The position that the film had to take in regard to the putative existence of ghosts helped us assess the powers and pleasures of both literature and cinema. Interestingly, this story also became both a play and an opera, though we did not look into these versions. Effort spent examining “transformations” can greatly improve our (and our students’) understanding of the original work and of the properties and powers of film and of verbal language to deliver a fiction. We also studied
The Color Purple
, whose Broadway musical version vies with the Spielberg film as a way of extending, even multiplying Alice Walker’s novel. The sociology of the various audiences addressed by these works cannot be ignored.
But the stakes of the question are far higher when the scope of the term is widened. “Adaptation” is the name for Darwinian processes by which species survive the changing circumstances of their environment.

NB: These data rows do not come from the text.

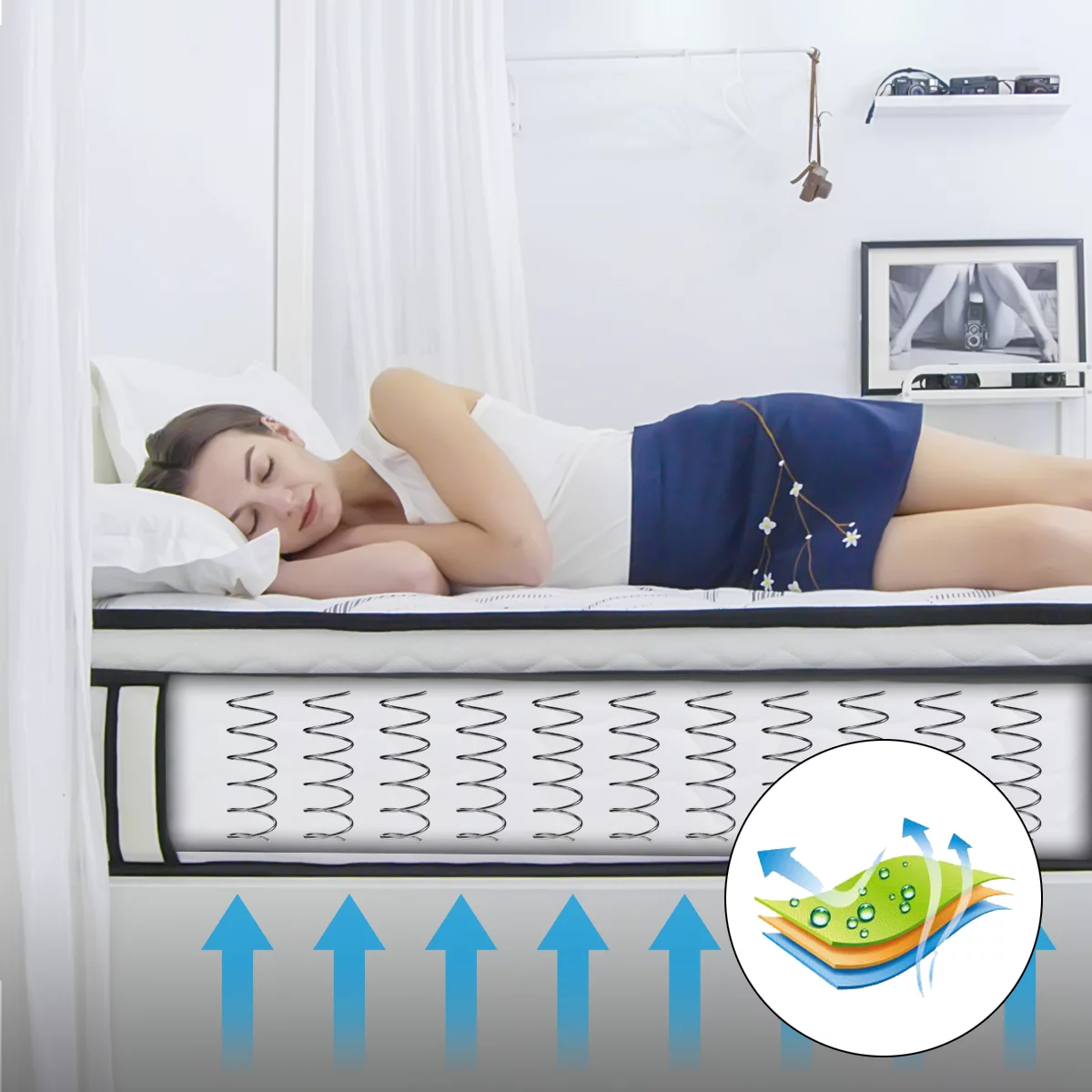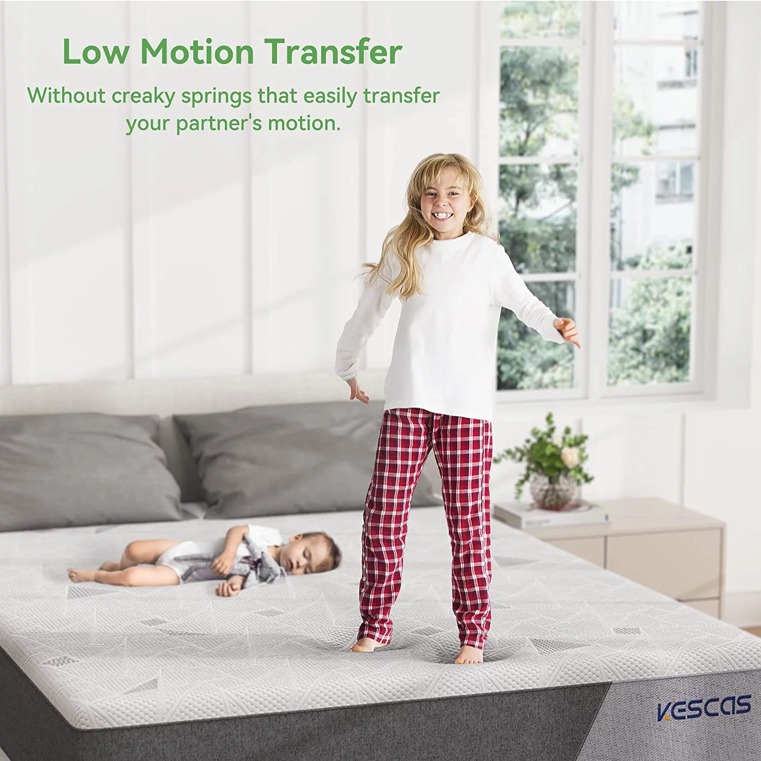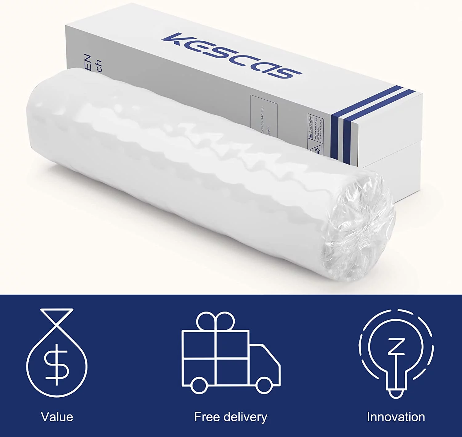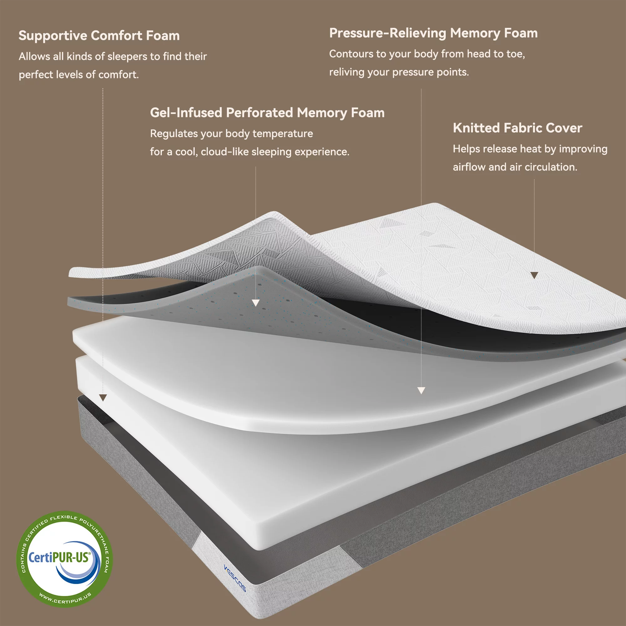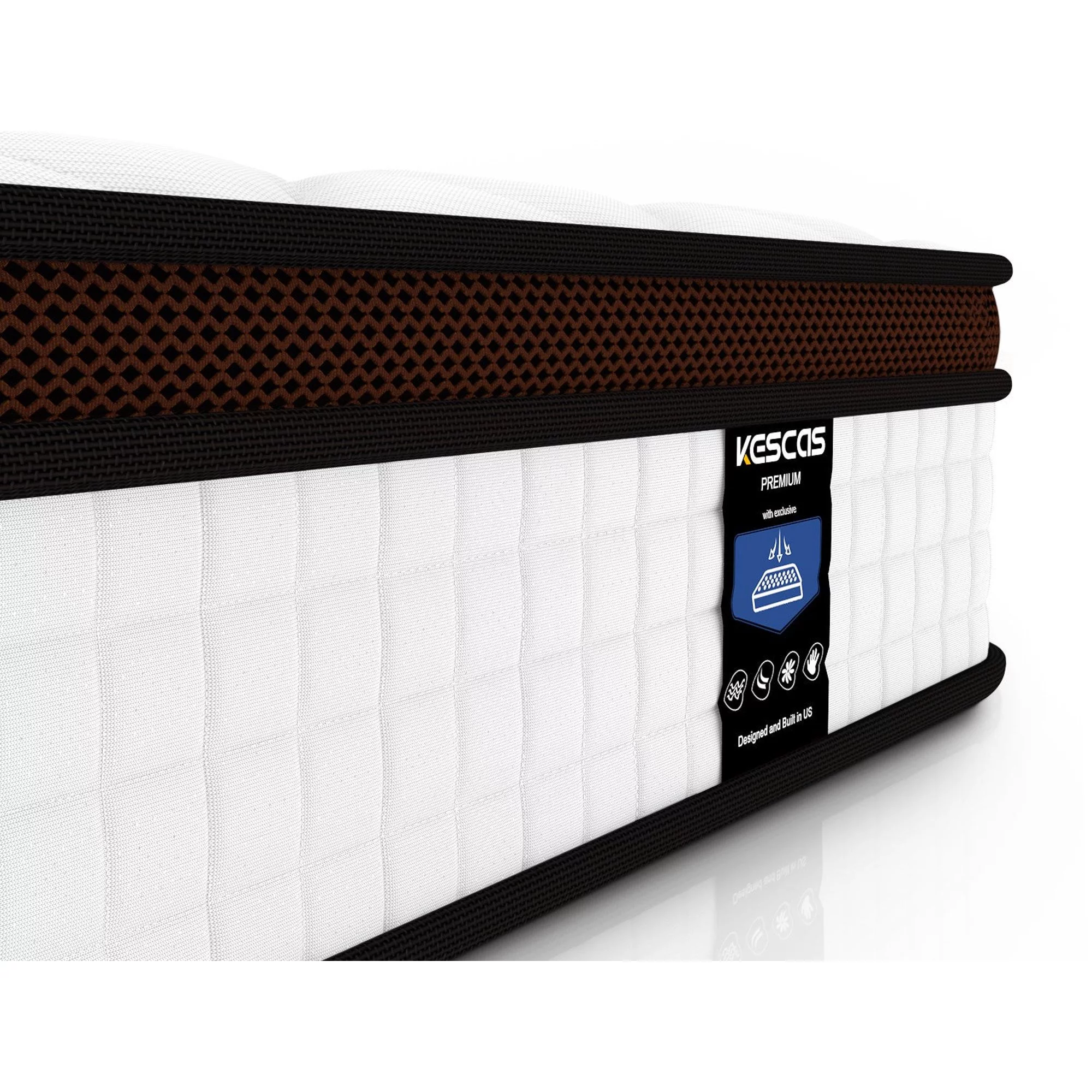 Gem 6 Inch Full Mattress, Premium PU Foam, Pocket Coils, Tricot Fabric- Saltoro Sherpi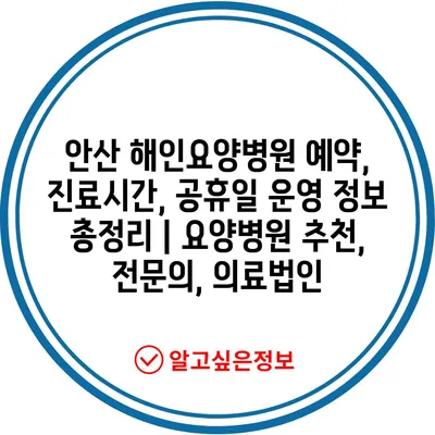 ✅ 안산 해인요양병원의 진료시간과 예약 방법을 지금 바로 알아보세요!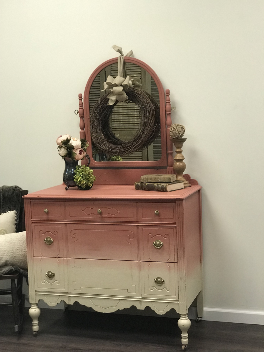 The little sweetheart was created with the imagination that she would end up in a little girl’s room with tiny ballet slipper strings hanging out of one of the drawers. I imagined that the little girl would grow to use the mirror to one day touch up her lip gloss right before she hurried out the door to school, keeping that in mind I started with a beautiful deep pink and blended down to a very soft neutral tone for a beautiful whimsical look.

The word can be found in the cultural as well as biological sphere too. Individuals, families, and large social groups
adapt
during the normal course of their life cycles, as when middle school children must adjust to changing classrooms, leaving the womb of their home classroom and the security of a single teacher. More dramatically, individuals and groups can be forced to
adapt
—or else to atrophy—when history brings them into sudden contact with an unexpected situation. Many immigrant children probably have a hard time adapting to the brusque social mores that operate in urban schools in the U.S.
We concluded our seminar with a thorough discussion of the self-reflexive 2002 film entitled
Adaptation
, where questions of narrative theory, of authorship and originality, of botany and human variability, play out in an engaging, stylish, and puzzling manner. This film helped us realize that the subject of our seminar, a subject which may seem at first as nothing more than a commercial practice in the film industry, can extend as far as you like in the humanities, social sciences, and sciences. The units that were written while all these topics were being discussed suggest some of the range of possibilities for adaptation study in the classroom.